_The problem:_
All entries are to be transcribed verbatim, but images are not carried over.

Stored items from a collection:
[Start of Attachment]

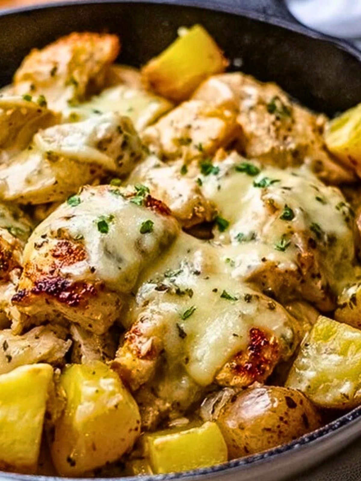 Each bite delivers tender chicken seasoned to perfection, nestled among caramelized potatoes, and smothered in a velvety, savory gravy that ties it all together. It’s the kind of meal that tastes like a Sunday dinner but comes together quickly enough for a Wednesday night.
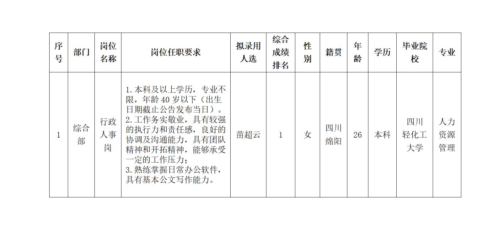 根据四川绵江能源有限公司发布的招聘公告及招聘相关规定,经笔试、面试、考察、体检等程序,拟录用苗超云同志到四川绵江能源有限公司工作,现予以公示,具体情况如下:
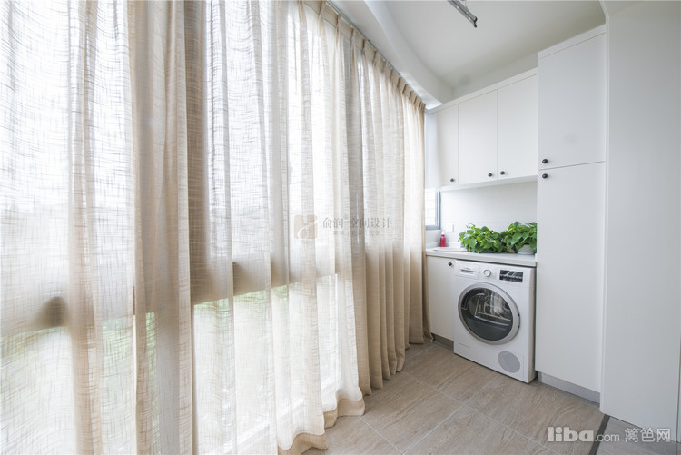 07_阳台露台 阳台——利用台面与墙体之间凹进去的空间,做了一组白色的收纳柜,洗衣柜下嵌入墙。
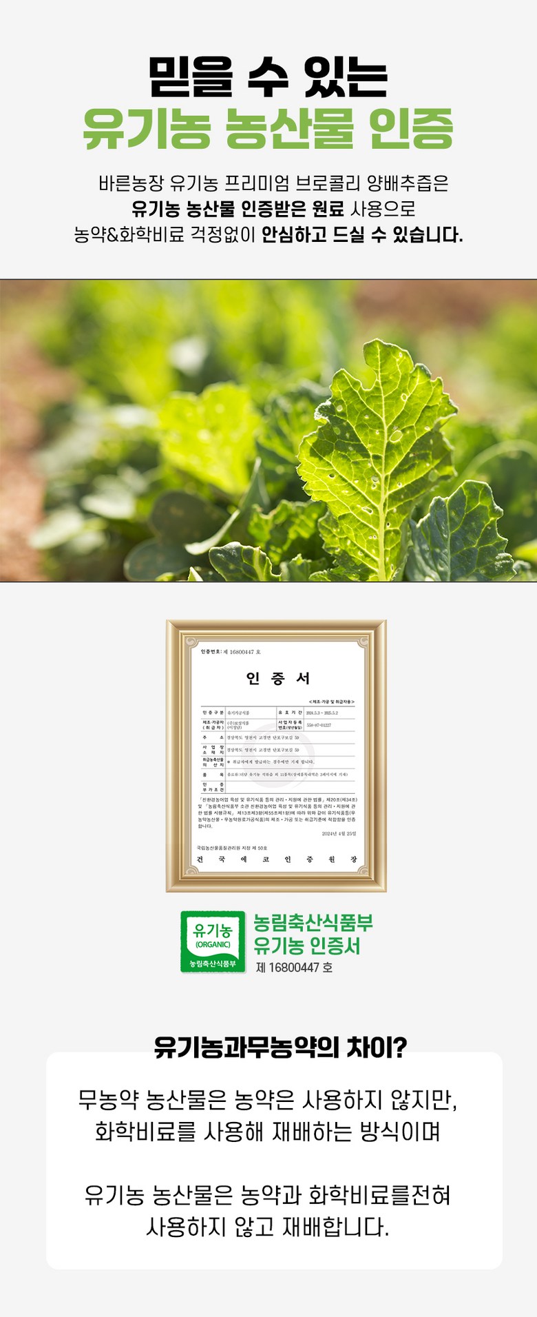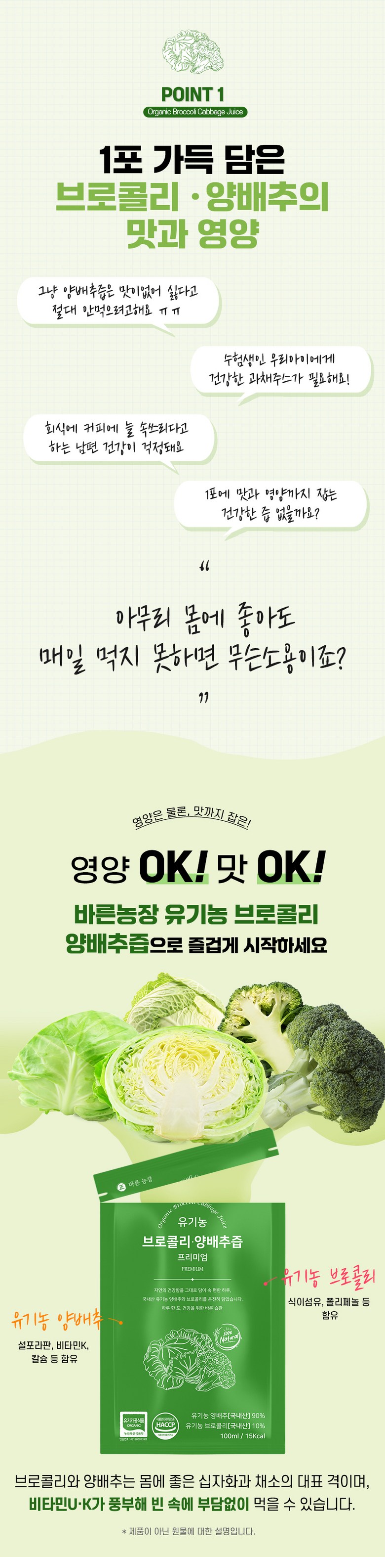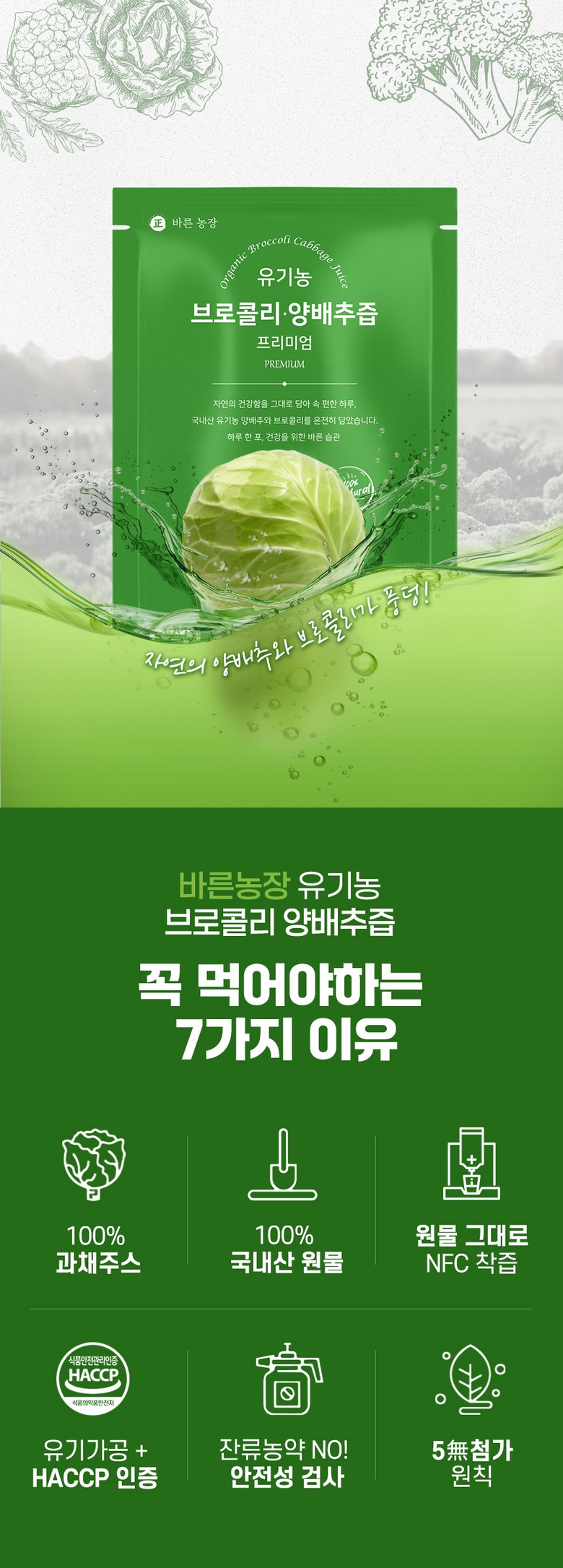 | 제품명 | 유기농 브로콜리 양배추즙 프리미엄 | 식품의 유형 | 과채주스 |
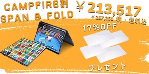 さらに通常価格が13万2650円(税込、送料込み)のところ、30人限定で10万4793円(超早割21%オフ)、さらに50人限定で11万1426円(早割16%オフ)、100人限定で11万9385円(CAMPFIRE割10%オフ)と、早めに申し込むとお得に購入できる。また、この記事中にあるリンクから「DUOONE OLED FOLD」を購入すると、加えて10%オフになるので要チェックだ。
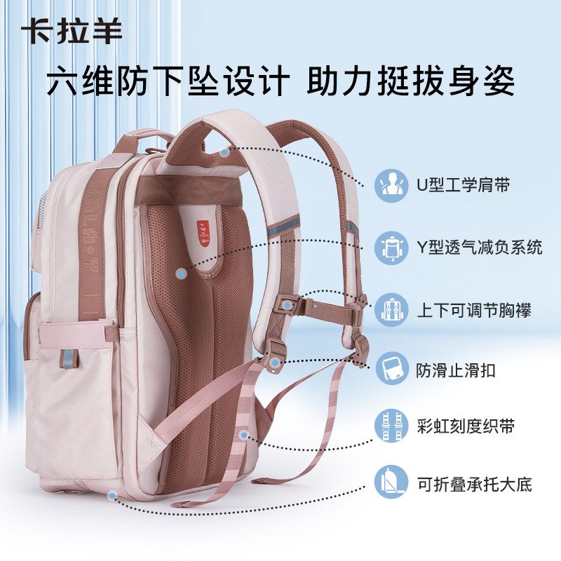 卡拉羊中学生云朵书包减负防下坠初中生双肩包背包女轻便多隔层
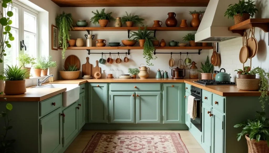 If you’re stuck with builder-grade cabinets like me, just paint them. I did mine in this sage green color and suddenly my kitchen had personality. Open shelving is great for showing off your pretty dishes. And plants everywhere – herbs on the windowsill, trailing plants on top of cabinets, whatever fits.
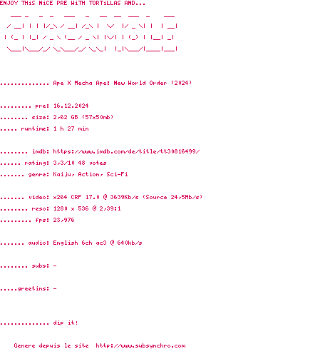 Voir le nfo de la release Ape.X.Mecha.Ape.New.World.Order.2024.720p.BluRay.x264-GUACAMOLE
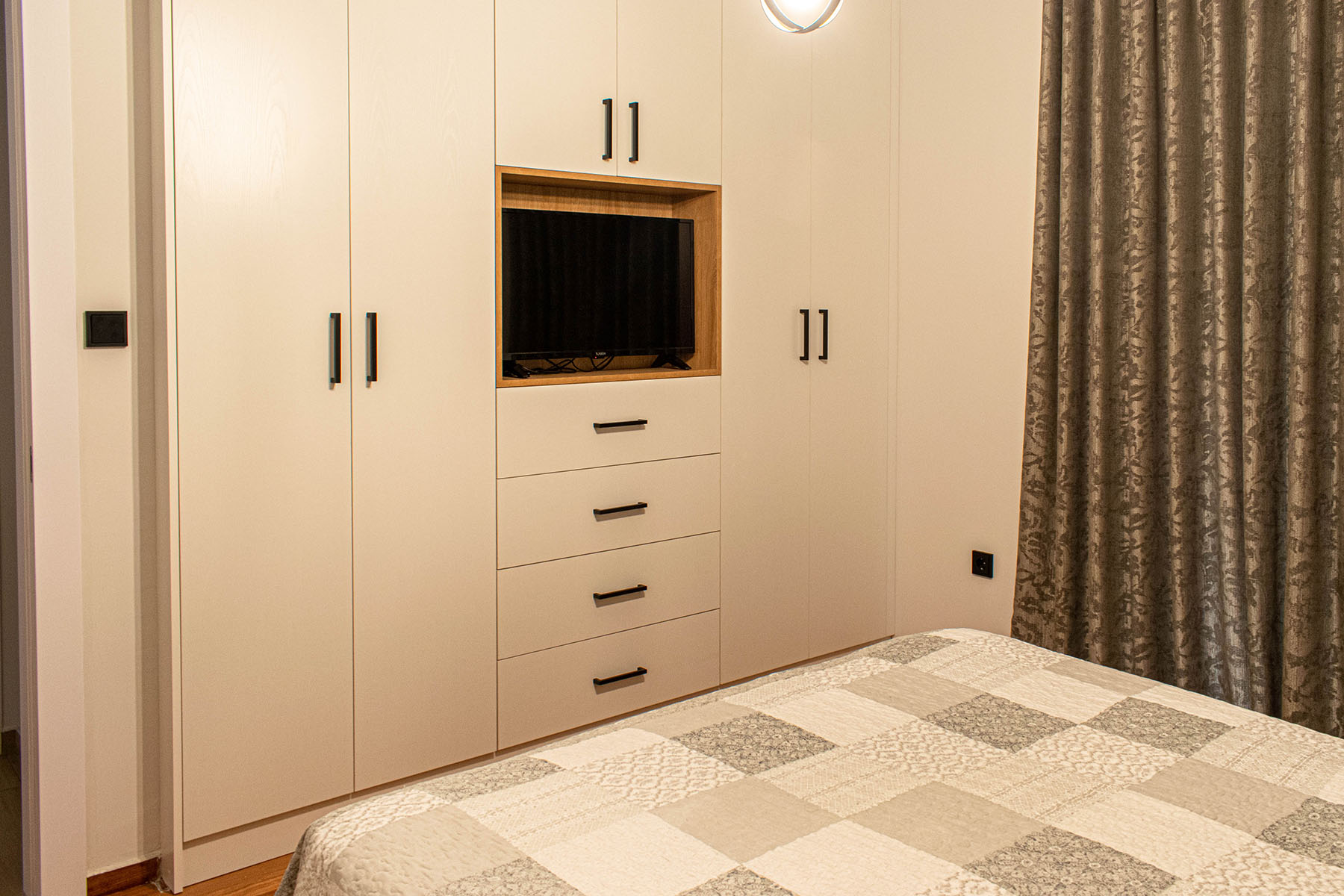 Ντουλάπες ανοιγόμενες από laminate. Οι εσωτερικές πόρτες είναι optima plus της Alfa Wood.

[End of Attachment]

_Task answer:_
 Each bite delivers tender chicken seasoned to perfection, nestled among caramelized potatoes, and smothered in a velvety, savory gravy that ties it all together. It’s the kind of meal that tastes like a Sunday dinner but comes together quickly enough for a Wednesday night.
 根据四川绵江能源有限公司发布的招聘公告及招聘相关规定,经笔试、面试、考察、体检等程序,拟录用苗超云同志到四川绵江能源有限公司工作,现予以公示,具体情况如下:
 07_阳台露台 阳台——利用台面与墙体之间凹进去的空间,做了一组白色的收纳柜,洗衣柜下嵌入墙。
 | 제품명 | 유기농 브로콜리 양배추즙 프리미엄 | 식품의 유형 | 과채주스 |
 さらに通常価格が13万2650円(税込、送料込み)のところ、30人限定で10万4793円(超早割21%オフ)、さらに50人限定で11万1426円(早割16%オフ)、100人限定で11万9385円(CAMPFIRE割10%オフ)と、早めに申し込むとお得に購入できる。また、この記事中にあるリンクから「DUOONE OLED FOLD」を購入すると、加えて10%オフになるので要チェックだ。
 卡拉羊中学生云朵书包减负防下坠初中生双肩包背包女轻便多隔层
 If you’re stuck with builder-grade cabinets like me, just paint them. I did mine in this sage green color and suddenly my kitchen had personality. Open shelving is great for showing off your pretty dishes. And plants everywhere – herbs on the windowsill, trailing plants on top of cabinets, whatever fits.
 Voir le nfo de la release Ape.X.Mecha.Ape.New.World.Order.2024.720p.BluRay.x264-GUACAMOLE
 Ντουλάπες ανοιγόμενες από laminate. Οι εσωτερικές πόρτες είναι optima plus της Alfa Wood.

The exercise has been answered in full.